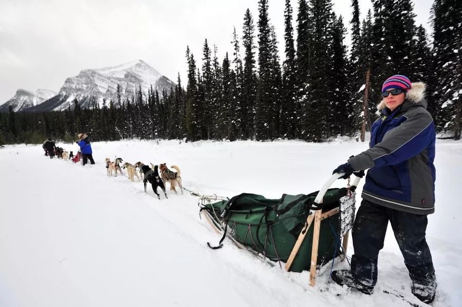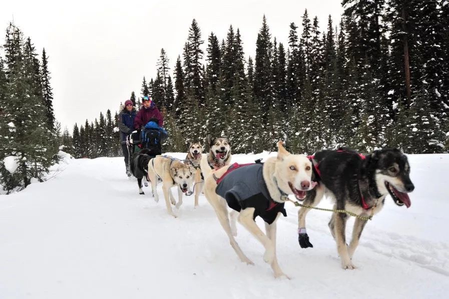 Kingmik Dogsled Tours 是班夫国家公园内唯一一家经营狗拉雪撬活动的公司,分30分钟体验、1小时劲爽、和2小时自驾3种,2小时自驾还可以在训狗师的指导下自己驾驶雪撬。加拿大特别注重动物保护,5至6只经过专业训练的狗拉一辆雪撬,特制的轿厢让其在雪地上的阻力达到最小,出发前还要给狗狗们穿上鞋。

==

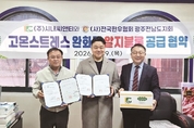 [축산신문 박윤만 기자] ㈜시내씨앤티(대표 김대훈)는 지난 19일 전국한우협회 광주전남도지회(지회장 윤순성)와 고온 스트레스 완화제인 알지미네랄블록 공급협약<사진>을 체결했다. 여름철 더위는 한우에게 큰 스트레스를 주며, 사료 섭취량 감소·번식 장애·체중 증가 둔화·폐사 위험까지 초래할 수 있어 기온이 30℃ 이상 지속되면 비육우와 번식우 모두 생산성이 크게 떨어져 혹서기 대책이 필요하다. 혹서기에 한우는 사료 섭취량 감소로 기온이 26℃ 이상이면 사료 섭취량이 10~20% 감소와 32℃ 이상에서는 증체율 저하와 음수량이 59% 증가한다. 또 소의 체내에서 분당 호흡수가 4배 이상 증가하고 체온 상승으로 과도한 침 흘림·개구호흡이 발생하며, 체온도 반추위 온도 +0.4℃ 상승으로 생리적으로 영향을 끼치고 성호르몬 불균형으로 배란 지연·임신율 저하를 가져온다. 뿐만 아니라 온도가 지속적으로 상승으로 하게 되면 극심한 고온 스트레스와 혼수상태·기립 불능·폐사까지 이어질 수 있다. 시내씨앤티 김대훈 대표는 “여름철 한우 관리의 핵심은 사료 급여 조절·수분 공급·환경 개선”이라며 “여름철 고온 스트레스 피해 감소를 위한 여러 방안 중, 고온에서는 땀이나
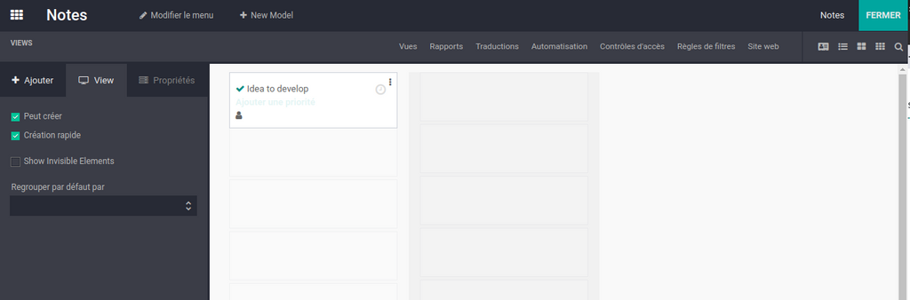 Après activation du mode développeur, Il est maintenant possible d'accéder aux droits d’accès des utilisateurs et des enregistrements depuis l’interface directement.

__Exercise goal__: Starting from the line with "[축산신문 박윤만 기자]" in the records above, repeat each line exactly until you have written the line with "Après activation du", then stop; drop the pictures.

__Task answer__:
 [축산신문 박윤만 기자] ㈜시내씨앤티(대표 김대훈)는 지난 19일 전국한우협회 광주전남도지회(지회장 윤순성)와 고온 스트레스 완화제인 알지미네랄블록 공급협약<사진>을 체결했다. 여름철 더위는 한우에게 큰 스트레스를 주며, 사료 섭취량 감소·번식 장애·체중 증가 둔화·폐사 위험까지 초래할 수 있어 기온이 30℃ 이상 지속되면 비육우와 번식우 모두 생산성이 크게 떨어져 혹서기 대책이 필요하다. 혹서기에 한우는 사료 섭취량 감소로 기온이 26℃ 이상이면 사료 섭취량이 10~20% 감소와 32℃ 이상에서는 증체율 저하와 음수량이 59% 증가한다. 또 소의 체내에서 분당 호흡수가 4배 이상 증가하고 체온 상승으로 과도한 침 흘림·개구호흡이 발생하며, 체온도 반추위 온도 +0.4℃ 상승으로 생리적으로 영향을 끼치고 성호르몬 불균형으로 배란 지연·임신율 저하를 가져온다. 뿐만 아니라 온도가 지속적으로 상승으로 하게 되면 극심한 고온 스트레스와 혼수상태·기립 불능·폐사까지 이어질 수 있다. 시내씨앤티 김대훈 대표는 “여름철 한우 관리의 핵심은 사료 급여 조절·수분 공급·환경 개선”이라며 “여름철 고온 스트레스 피해 감소를 위한 여러 방안 중, 고온에서는 땀이나
 Après activation du mode développeur, Il est maintenant possible d'accéder aux droits d’accès des utilisateurs et des enregistrements depuis l’interface directement.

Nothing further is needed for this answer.